DATA FOR ANALYSIS →
___

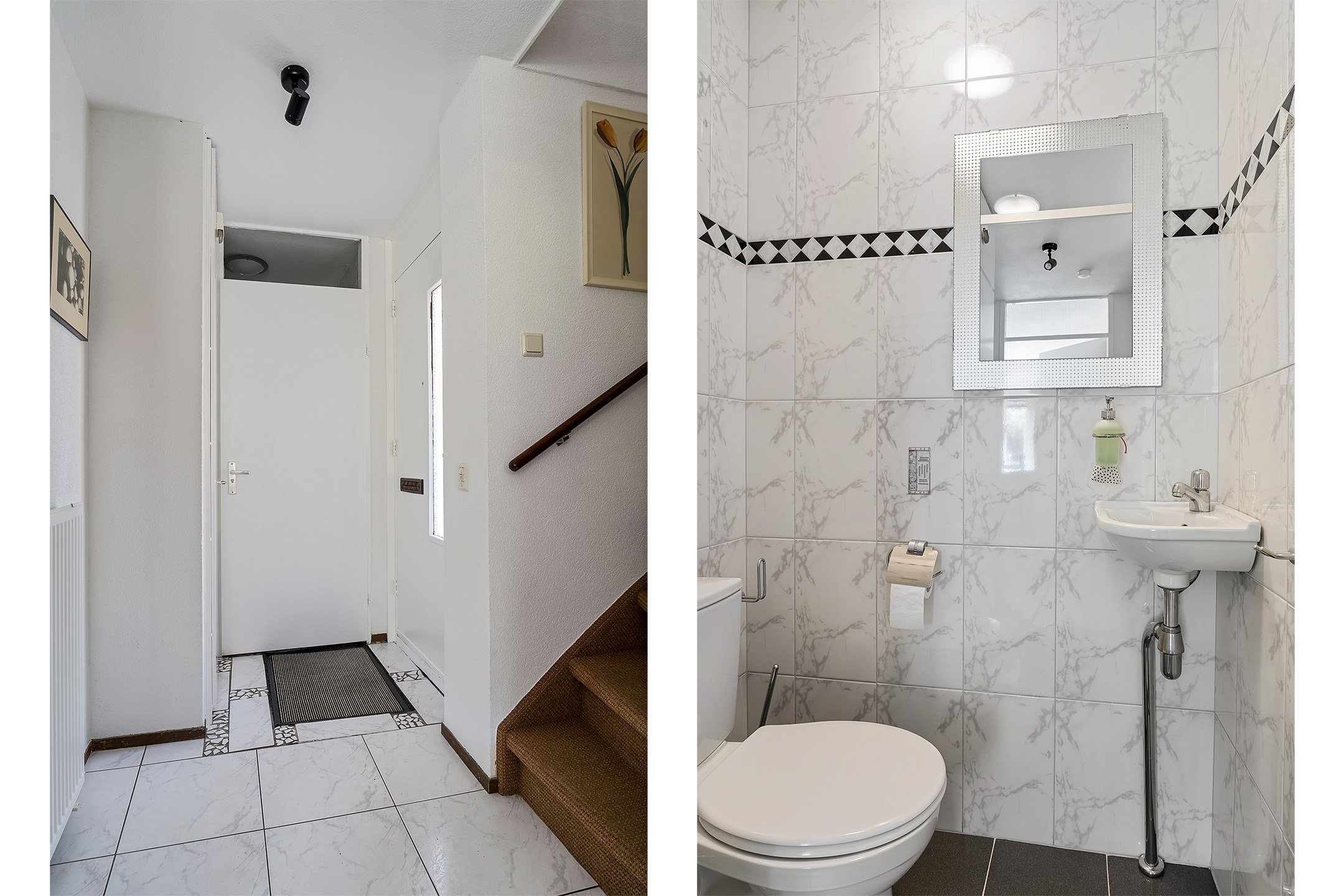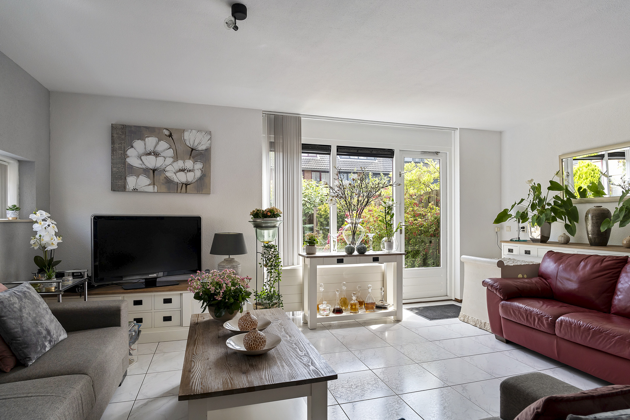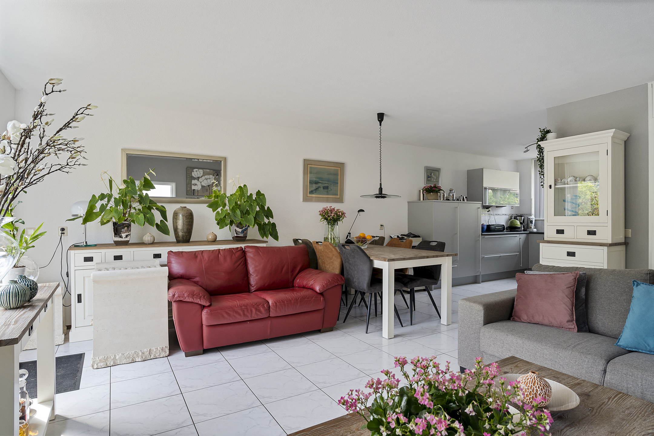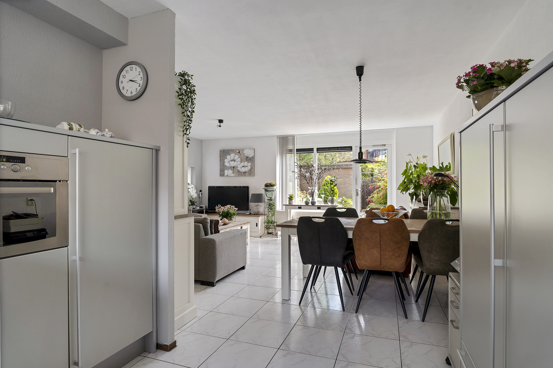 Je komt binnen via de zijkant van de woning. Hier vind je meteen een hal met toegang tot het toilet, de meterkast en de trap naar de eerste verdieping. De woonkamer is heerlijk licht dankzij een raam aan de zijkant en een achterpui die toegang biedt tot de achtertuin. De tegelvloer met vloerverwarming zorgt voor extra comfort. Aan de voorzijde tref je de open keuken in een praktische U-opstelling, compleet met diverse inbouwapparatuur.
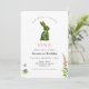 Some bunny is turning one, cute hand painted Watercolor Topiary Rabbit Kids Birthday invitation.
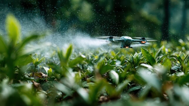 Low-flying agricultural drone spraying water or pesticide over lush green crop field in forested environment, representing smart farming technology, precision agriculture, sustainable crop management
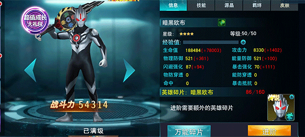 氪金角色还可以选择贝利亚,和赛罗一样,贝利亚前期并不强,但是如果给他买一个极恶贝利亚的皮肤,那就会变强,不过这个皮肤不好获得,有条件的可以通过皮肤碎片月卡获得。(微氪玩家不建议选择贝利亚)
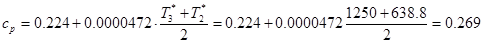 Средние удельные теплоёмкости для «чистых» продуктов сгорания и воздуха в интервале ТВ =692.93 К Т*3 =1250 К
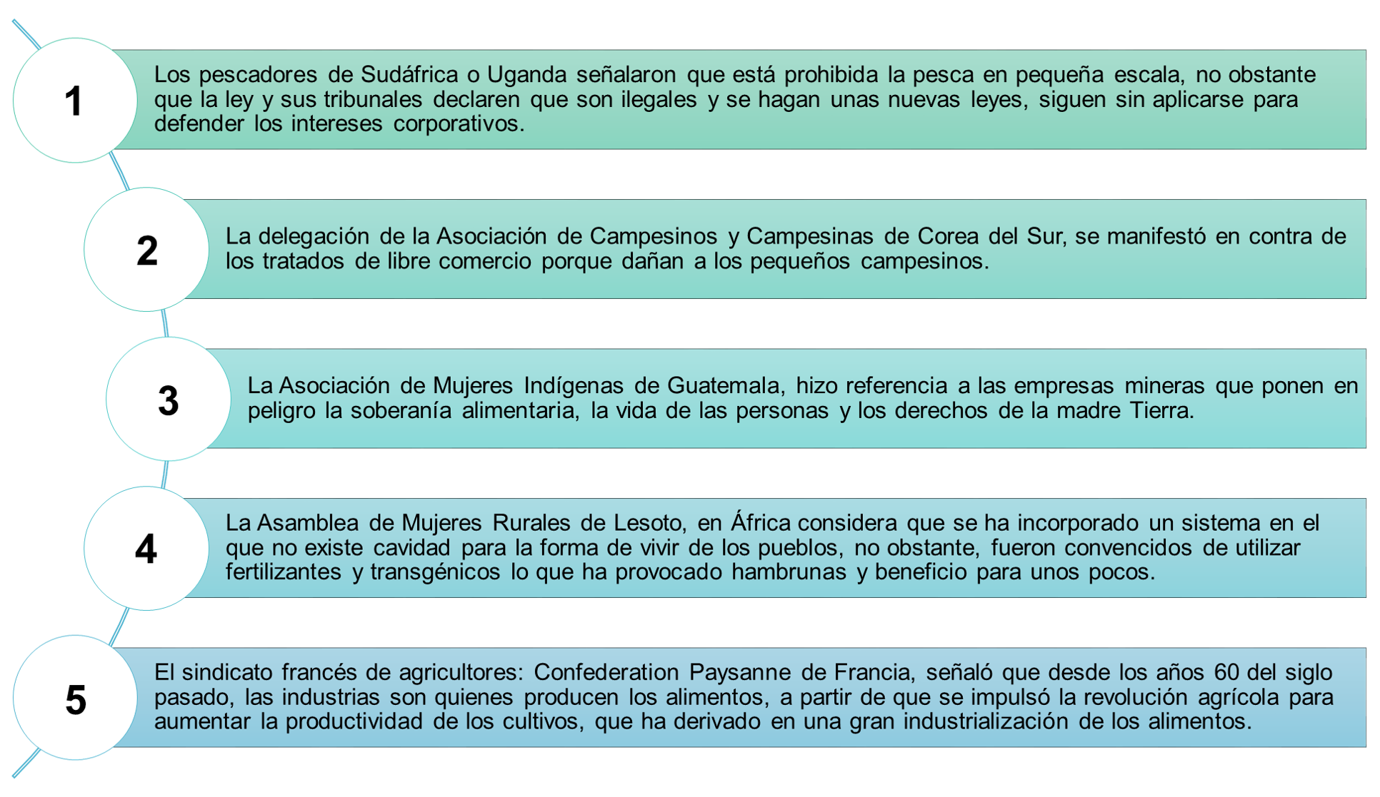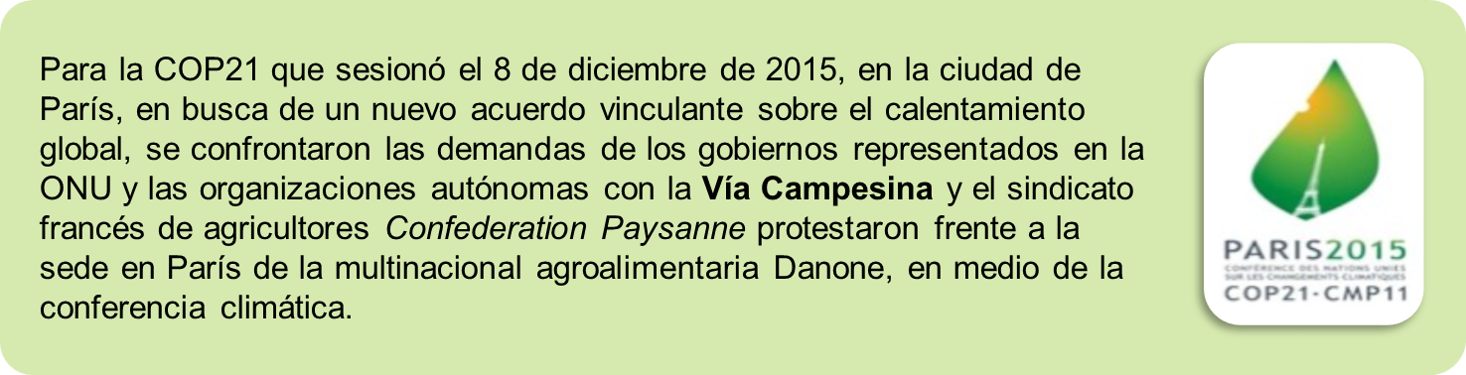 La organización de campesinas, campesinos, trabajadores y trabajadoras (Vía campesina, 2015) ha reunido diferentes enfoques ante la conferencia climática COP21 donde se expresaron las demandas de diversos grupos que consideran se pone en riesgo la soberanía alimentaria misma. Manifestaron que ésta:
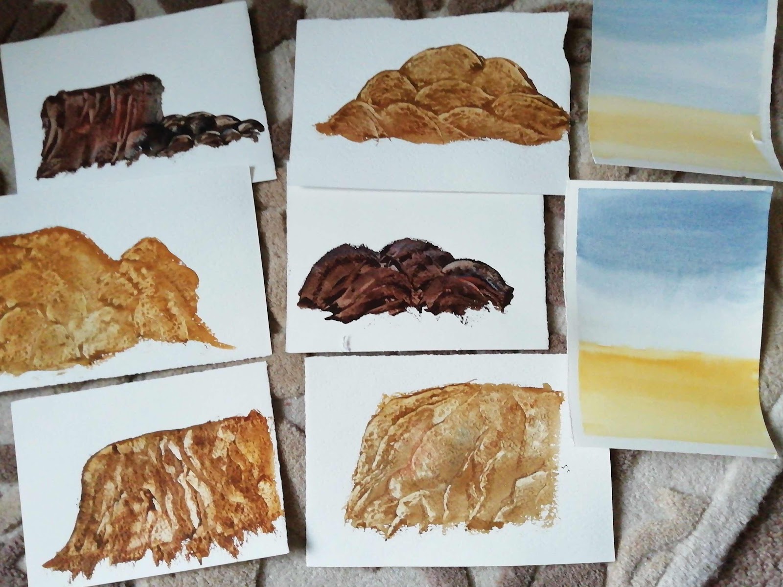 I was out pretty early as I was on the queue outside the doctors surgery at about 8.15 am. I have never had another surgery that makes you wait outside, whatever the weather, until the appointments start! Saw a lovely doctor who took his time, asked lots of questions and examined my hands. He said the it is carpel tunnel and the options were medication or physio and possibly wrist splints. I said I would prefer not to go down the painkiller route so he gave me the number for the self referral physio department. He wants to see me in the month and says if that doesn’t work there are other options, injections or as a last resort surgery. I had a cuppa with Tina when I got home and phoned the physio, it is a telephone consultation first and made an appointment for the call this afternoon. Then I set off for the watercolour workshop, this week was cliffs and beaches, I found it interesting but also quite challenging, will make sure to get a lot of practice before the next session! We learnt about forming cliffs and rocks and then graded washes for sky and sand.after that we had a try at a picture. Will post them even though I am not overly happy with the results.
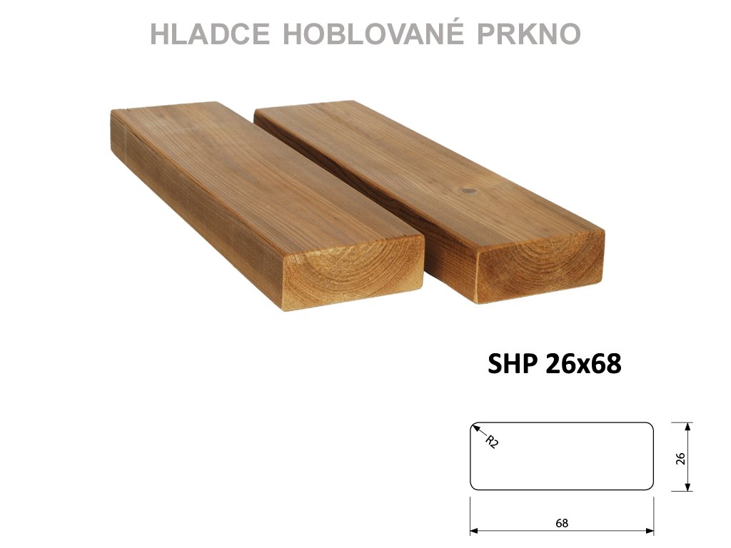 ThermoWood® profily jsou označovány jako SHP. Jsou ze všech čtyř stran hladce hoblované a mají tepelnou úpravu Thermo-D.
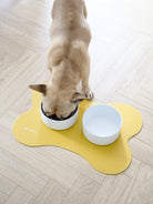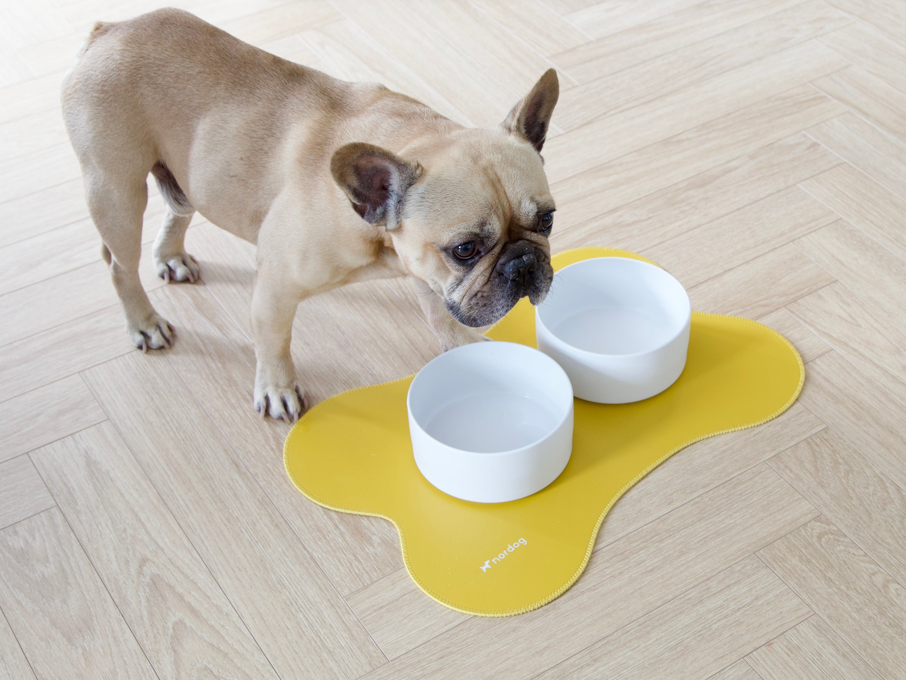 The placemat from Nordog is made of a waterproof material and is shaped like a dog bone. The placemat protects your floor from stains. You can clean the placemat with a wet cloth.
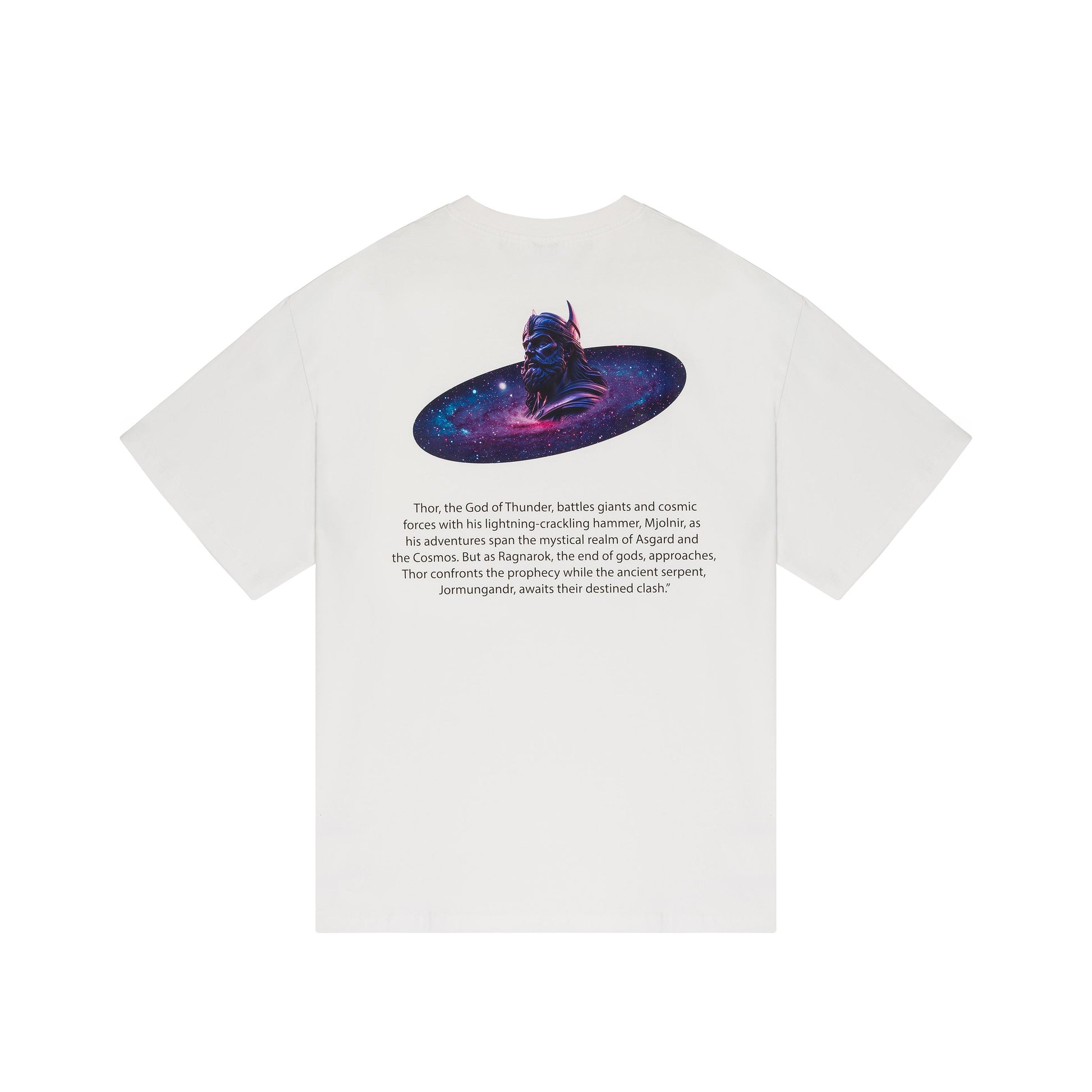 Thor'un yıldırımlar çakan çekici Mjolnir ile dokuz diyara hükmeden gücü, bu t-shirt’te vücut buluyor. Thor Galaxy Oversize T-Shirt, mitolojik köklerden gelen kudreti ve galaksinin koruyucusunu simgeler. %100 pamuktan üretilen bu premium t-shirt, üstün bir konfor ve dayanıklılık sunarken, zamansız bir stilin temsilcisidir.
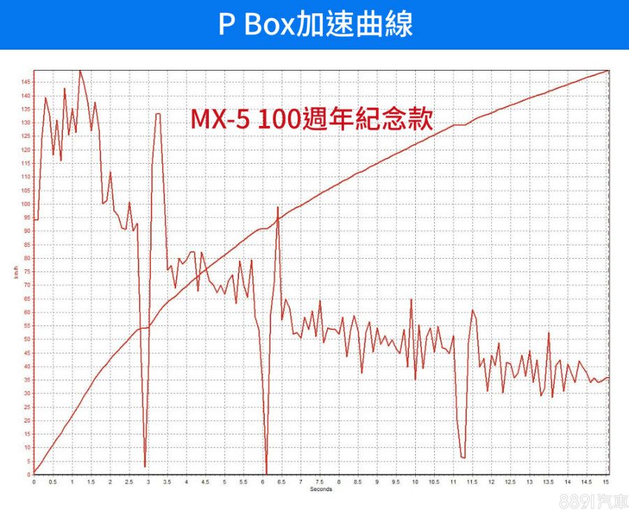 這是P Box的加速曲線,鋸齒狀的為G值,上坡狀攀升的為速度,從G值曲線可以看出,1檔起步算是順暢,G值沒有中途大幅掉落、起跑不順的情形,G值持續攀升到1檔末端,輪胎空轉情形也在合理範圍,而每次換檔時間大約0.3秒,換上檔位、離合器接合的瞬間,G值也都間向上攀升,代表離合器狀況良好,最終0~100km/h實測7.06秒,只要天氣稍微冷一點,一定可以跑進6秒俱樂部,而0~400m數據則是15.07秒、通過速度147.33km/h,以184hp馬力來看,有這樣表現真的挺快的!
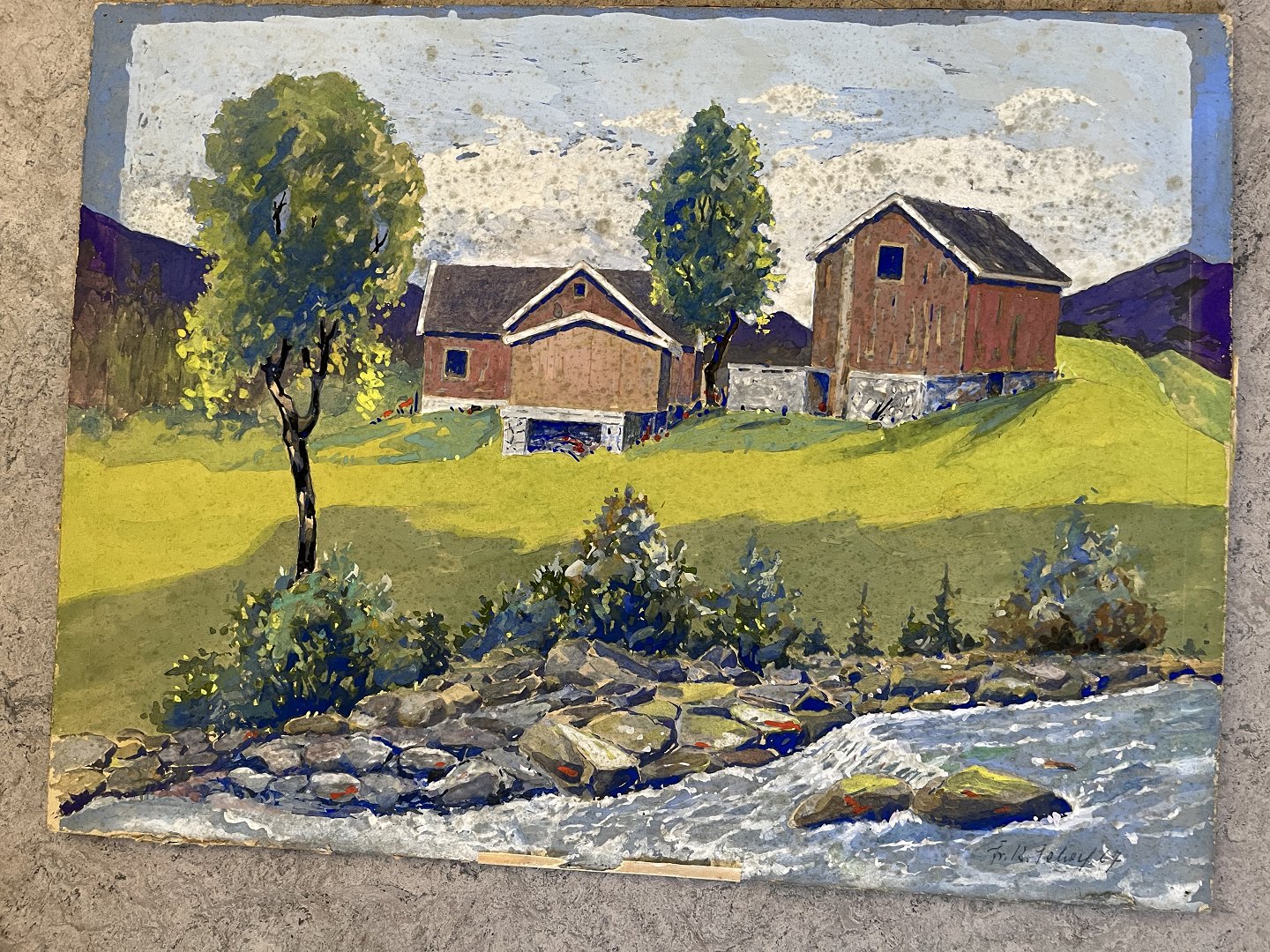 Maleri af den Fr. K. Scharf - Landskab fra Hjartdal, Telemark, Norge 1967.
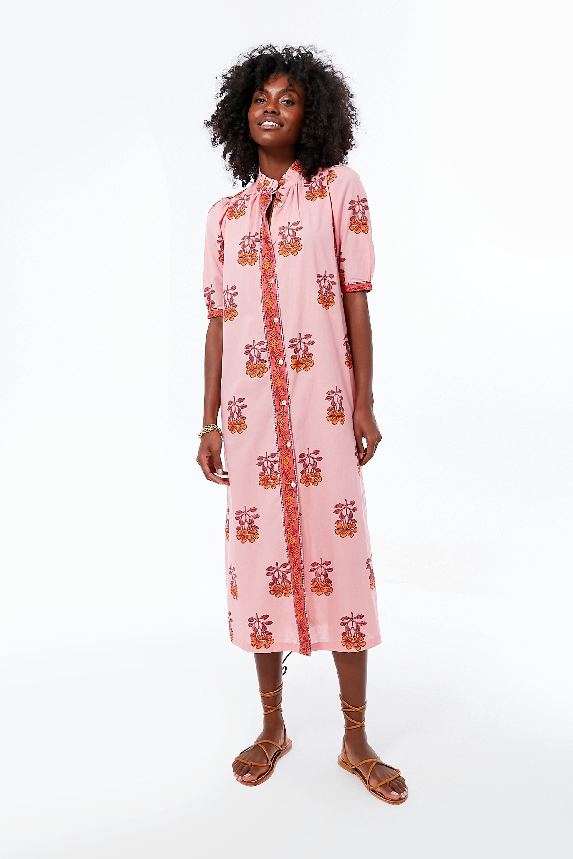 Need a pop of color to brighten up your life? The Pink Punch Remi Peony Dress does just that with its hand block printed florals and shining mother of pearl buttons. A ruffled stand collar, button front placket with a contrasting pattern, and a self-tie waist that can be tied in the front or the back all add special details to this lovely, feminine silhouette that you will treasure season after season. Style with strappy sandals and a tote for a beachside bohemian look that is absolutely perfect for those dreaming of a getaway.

___

YOUR GOAL → Retype only the lines above from the one with "The placemat from" through the one with "Thor'un yıldırımlar çakan", exactly and with both ends. Images stay out.

ANSWER FOR THIS EXERCISE →
 The placemat from Nordog is made of a waterproof material and is shaped like a dog bone. The placemat protects your floor from stains. You can clean the placemat with a wet cloth.
 Thor'un yıldırımlar çakan çekici Mjolnir ile dokuz diyara hükmeden gücü, bu t-shirt’te vücut buluyor. Thor Galaxy Oversize T-Shirt, mitolojik köklerden gelen kudreti ve galaksinin koruyucusunu simgeler. %100 pamuktan üretilen bu premium t-shirt, üstün bir konfor ve dayanıklılık sunarken, zamansız bir stilin temsilcisidir.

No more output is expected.